Assignment Direction 2
The data is from Chicago’s Data Portal regarding schools. It covers the name of the school, the safety, how involved the families are, how many misconducts occur, graduation rates and more.
Fields:
school_id
name_of_school
elementary_middle_or_high_school
street_address
city
zip_code
safety_score
family_involvement_score
environment_score
instruction_score
teachers_score
parent_engagement_score
parent_environment_score
rate_of_misconduct_per_100_students
graduation_rate_percent
Assignment Direction 3
We will examine the strength of linear correlations between all combinations of numerical variables. Represented below is the correlation coefficients matrix.
Correlation Matrix:
Assignment Direction 4
Strong, positive association
The graph indicates a strong, positive correlation between environment_score and instruction_score, since it’s correlation coefficient is 0.896. Anything greater than 0.5 is considered a strong, positive correlation. The scatterplot points appear to be fairly linear and in a positive direction, and the linear regression line also allows us to make out that it is an example of a strong, positive association. As environment_score increases, so does instruction_score.
## [1] 0.8967704
## `geom_smooth()` using formula = 'y ~ x'
##
## Call:
## lm(formula = instruction_score ~ environment_score, data = cchs)
##
## Coefficients:
## (Intercept) environment_score
## -9.146 1.113
Formula: y = 1.113x + (-9.146)
————————————————————–
This graph has a strong, positive correlation between family_involvement_score and safety_score, since it’s correlation coefficient is 0.769. Anything greater than 0.5 is considered a strong, positive correlation.

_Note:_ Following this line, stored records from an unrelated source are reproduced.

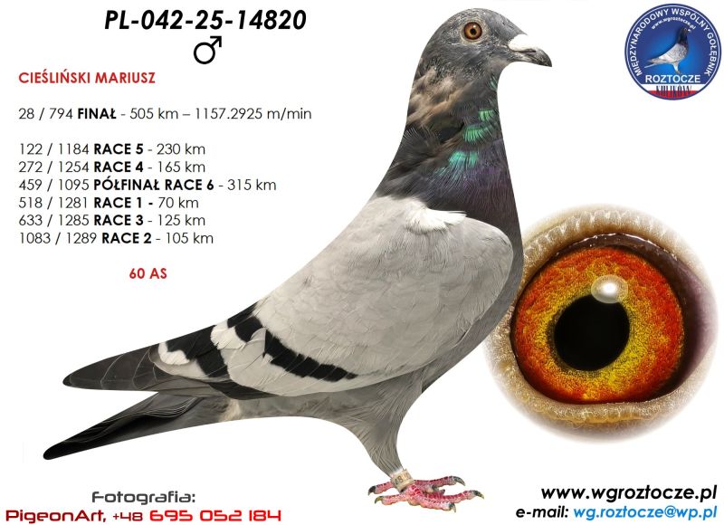 Jest to jedyny dostępny pełny brat finalisty w Pattaya który zajął 59/5854 a z polskich gołębi był 2. Pełna siostra poszła jeszcze na Extra Finał 600km i zajeła 199/3757 i była 12 z Polskich gołębi. W sezonie 24/25 nastepny brat zajął 241/6101. Samiczek nie ma dostępnych. Rodzice tych gołębi były lotowane w oddziale, samczyk został 7 lotnikiem w Kłobucku. Możliwe DNE. Wiecej informacji na tel.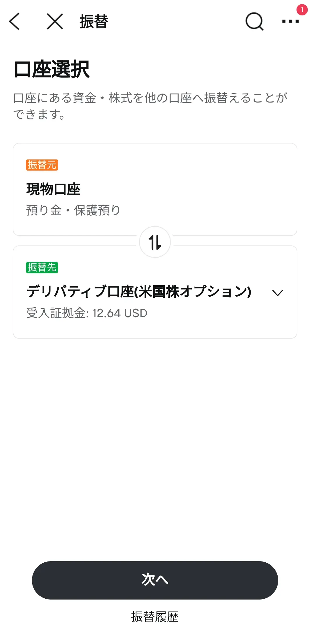 1. 口座→メニュー→振替をタップする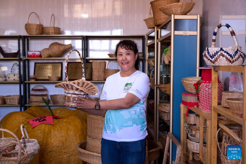Villager Dong Yali displays willow wares at Xikou Village in Arxan of Hinggan League, north China's Inner Mongolia Autonomous Region, Sept. 2, 2023. (Xinhua/Li Zhipeng)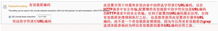 选项4:Payload Encoding 你可以配置哪些有效载荷中的字符应该是URL编码的HTTP请求中的安全传输。任何已配置的URL编码最后应用,任何有效载荷处理规则执行之后。 这是推荐使用此设置进行最终URL编码,而不是一个有效载荷处理规则,因为可以用来有效载荷的grep选项来检查响应为呼应有效载荷的最终URL编码应用之前。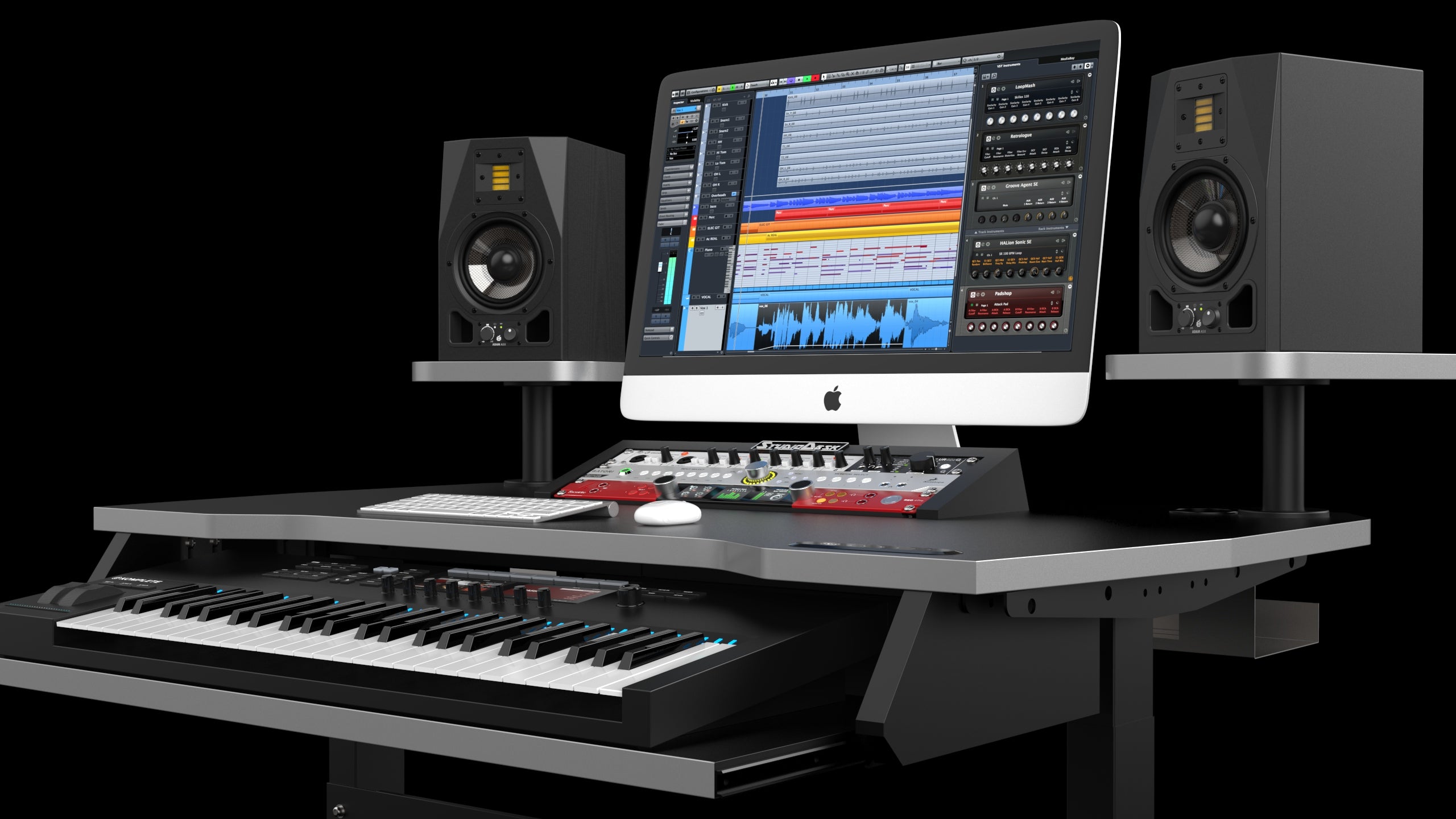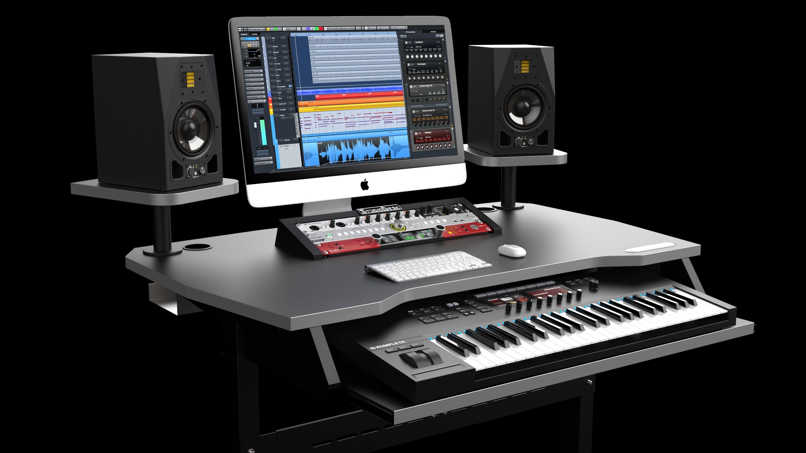 The Spirit was designed having in mind a bedroom producer who requires all the features of the professional desk on the smallest possible footprint. Spirit Workstation leans on our Electric platform used with the Fantom series. The memory controller for the electric platform is embedded into the laminated desk surface providing a scratch-free environment. Carefully planned desk real estate gives you space for a perfectly angled 3 U rack outboard gear and screens up to 29". Separate elevated swivel speaker shelves are strategically placed to leave as much as possible room to other gear on the desk. An optional keyboard pull-out shelf will allow you to have your MIDI keyboard up to 49 keys strategically positioned one tear lower leaving you with the maximum real estate on the desk. The keyboard pull-out shelf is adjustable in height to match virtually any keyboard height in the market. Its pull-out tray can be pulled out up to 27 cm. The lock mechanism will keep the tray in place while extended so it will not move while playing. All the cable inlays end up in the optional Cable management tray under the desk surface.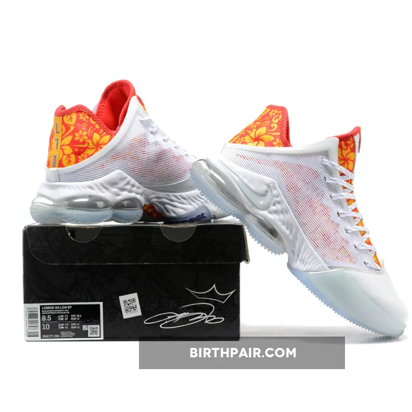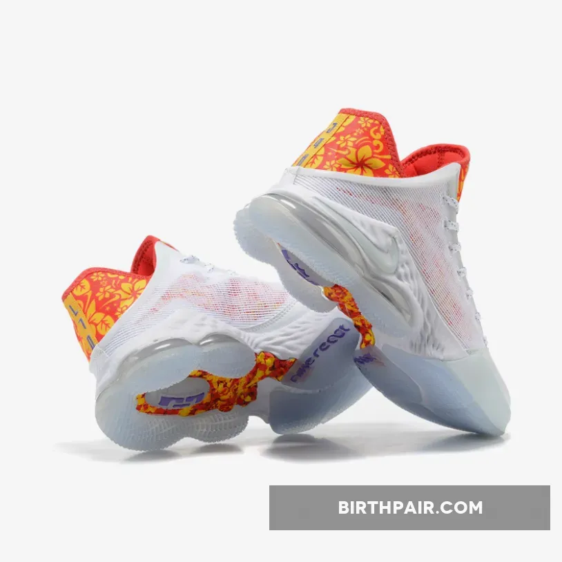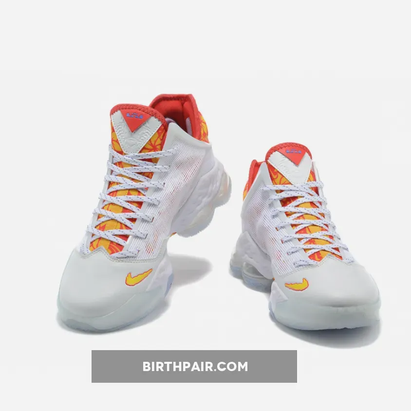 The Flintstone x Nike LeBron 19 Low ‘Magic Fruity Pebbles’ brings color-changing technology to LeBron James’ signature low-top. When exposed to light, the clear Max Air unit that sits under the heel shifts to a vibrant shade of purple, nodding to the predictable effect that colorful cereal has on a bowl of milk. The upper continues the breakfast theme with milky white leather and mesh, along with a flaky red and yellow print throughout the collar and inner sleeve. ‘Magic Fruity Pebbles’ is embroidered on the interior side of the left tongue, while mismatched sockliners feature Fred Flinstone on the right shoe and a cartoon LeBron on the left.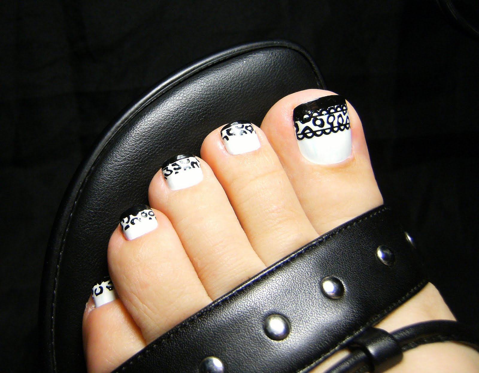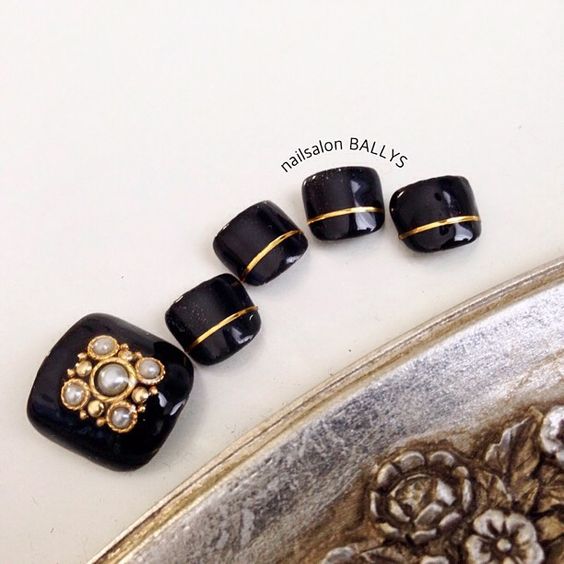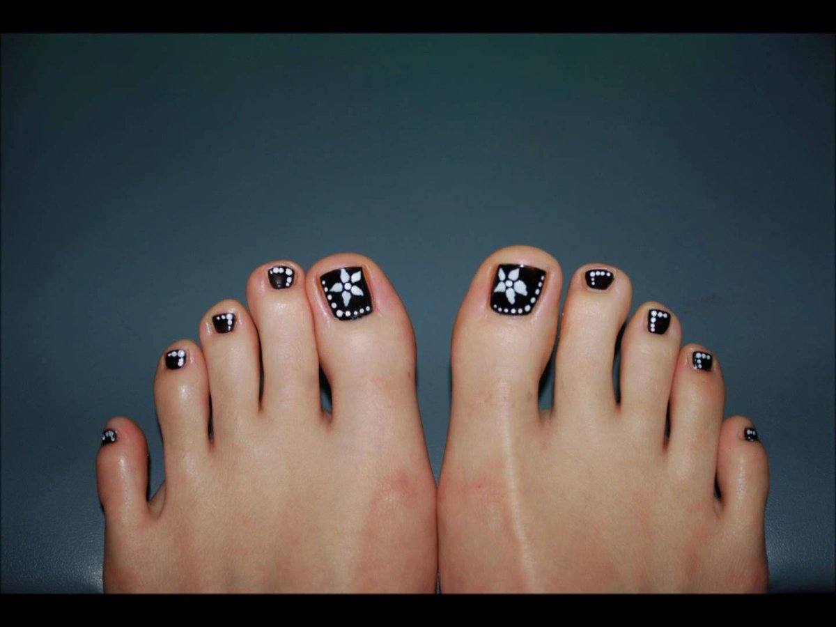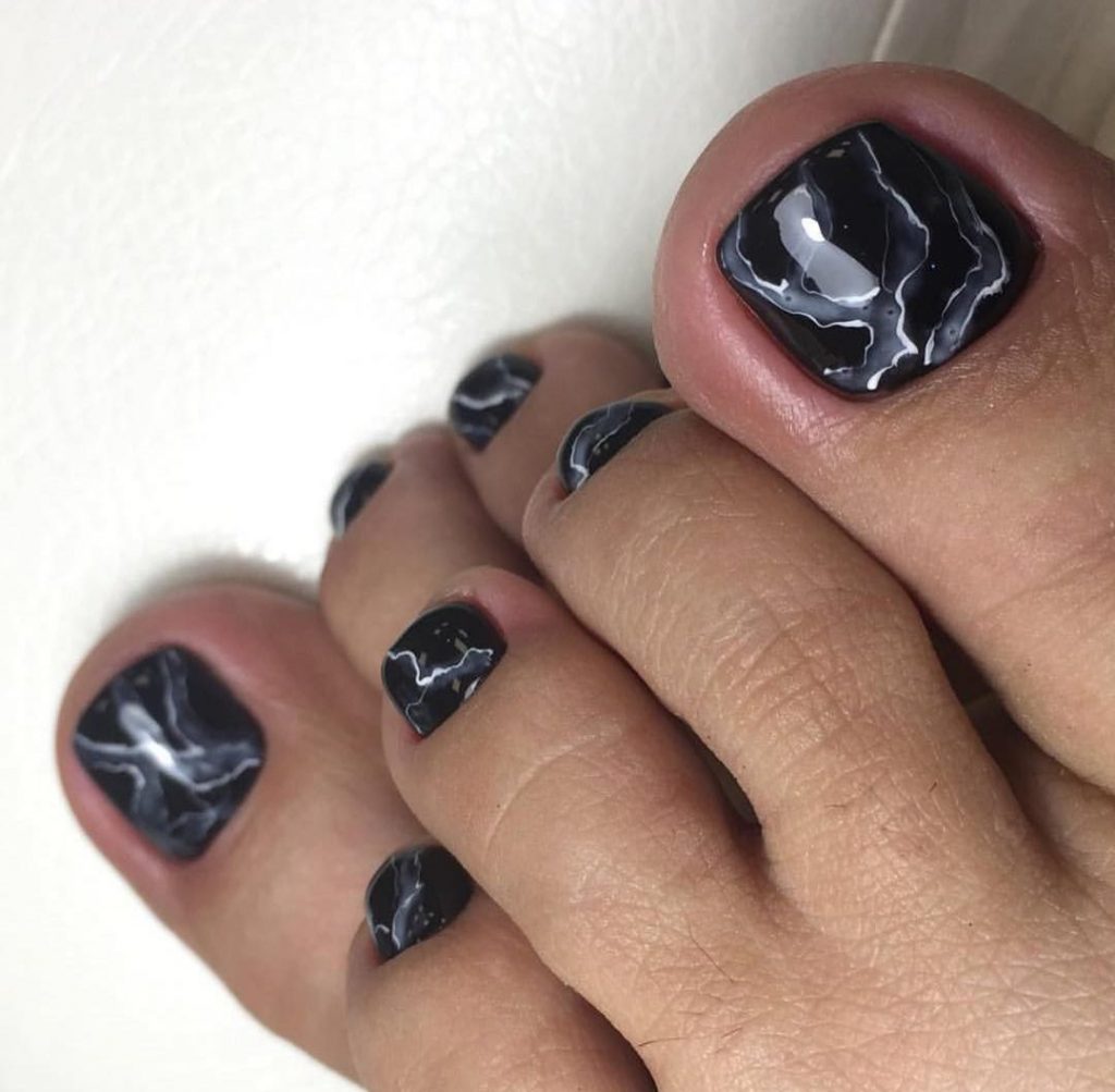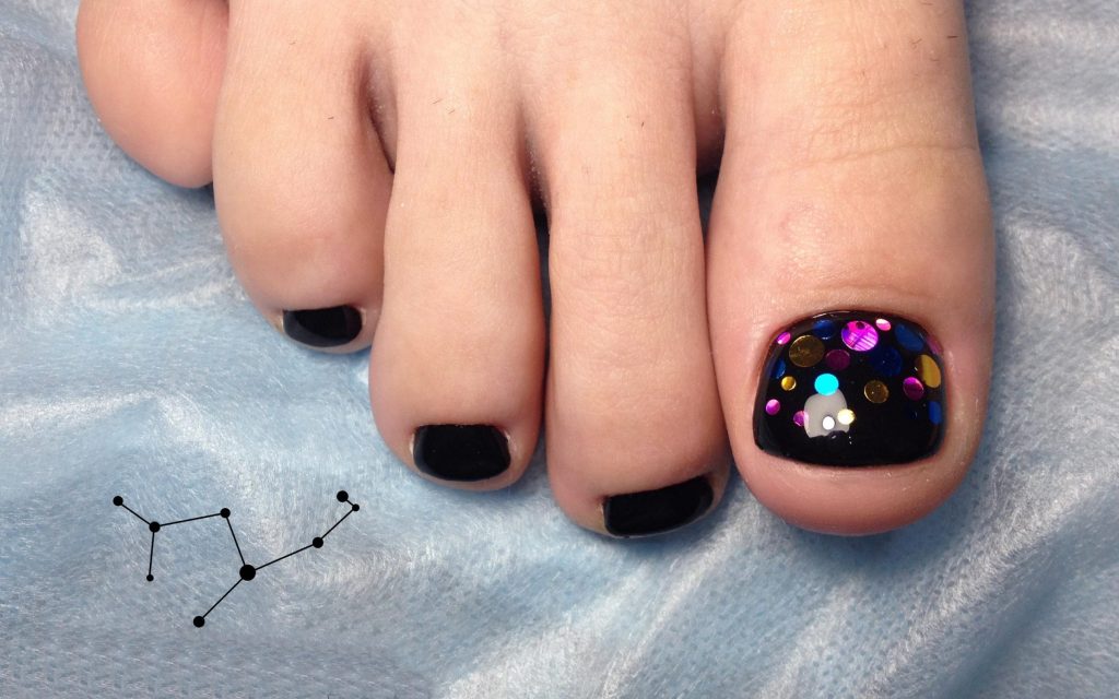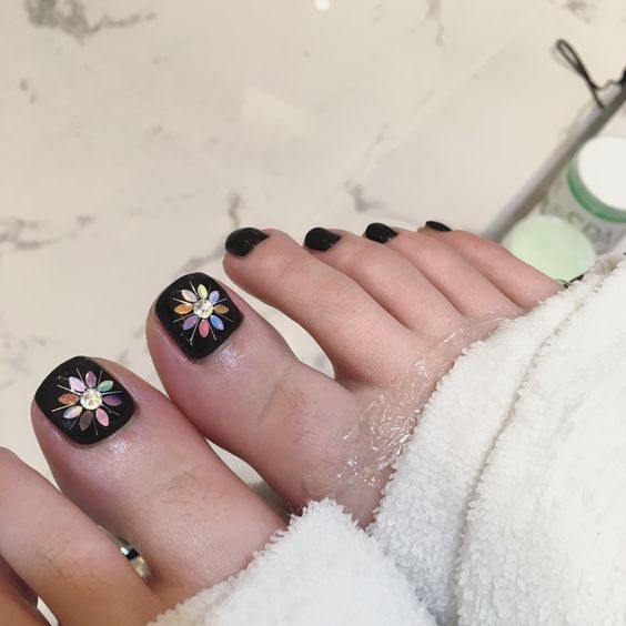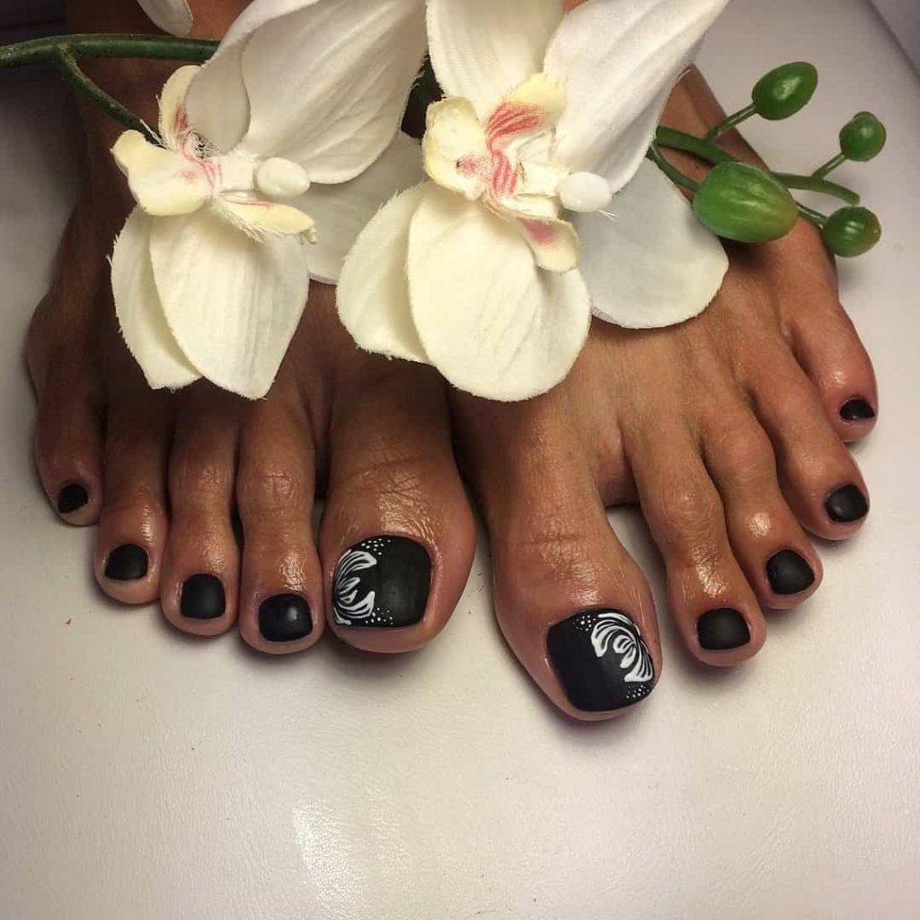 - Pédicure noire avec dessin

Although the scatterplot may not follow a positive, straight pattern, it’s correlation coefficient allows us to see that it is an example of a strong, positive association. When the family_involvement_score increases, the safety_score will also increase.
## [1] 0.7692211
## `geom_smooth()` using formula = 'y ~ x'
##
## Call:
## lm(formula = safety_score ~ family_involvement_score, data = cchs)
##
## Coefficients:
## (Intercept) family_involvement_score
## 5.1842 0.8972
Formula: y = 0.8972x + 5.1842
—————————————————————-
Strong, negative association
This graph represents a strong, negative association between rate_of_misconducts_per_100_students and safety_score. This is because as our y-axis points increase, the x-axis decreases. This makes sense since as safety_score increases, we will be noticing that the rate of misconducts decreases. I believe this scatterplot would also be a good example of a strong, negative association because it’s correlation coefficient is -0.622, and anything less than -0.5 is an example of a strong, negative association.
## [1] -0.6225672
## `geom_smooth()` using formula = 'y ~ x'
##
## Call:
## lm(formula = safety_score ~ rate_of_misconducts_per_100_students,
## data = cchs)
##
## Coefficients:
## (Intercept) rate_of_misconducts_per_100_students
## 65.2308 -0.9315
Formula: y = -0.9315x + 65.2308
——————————————————————
This graph would represent a medium, negative association between rate_of_misconducts_per_100_students and family_involvement_score, mostly because our correlation coefficient is -0.464. The reason for it to not be a strong, negative association is because it is not less than -0.5, but is fairly close. This graph makes sense though, because as family involvement scores increase, the rate of misconduct amongst students will decrease.
## [1] -0.4640242
## `geom_smooth()` using formula = 'y ~ x'
##
## Call:
## lm(formula = family_involvement_score ~ rate_of_misconducts_per_100_students,
## data = cchs)
##
## Coefficients:
## (Intercept) rate_of_misconducts_per_100_students
## 61.0756 -0.5952
Formula: y = -0.5952x + 61.0756
Work Cited:
“Chicago Data Portal.” Chicago Data Portal. https://data.cityofchicago.org/.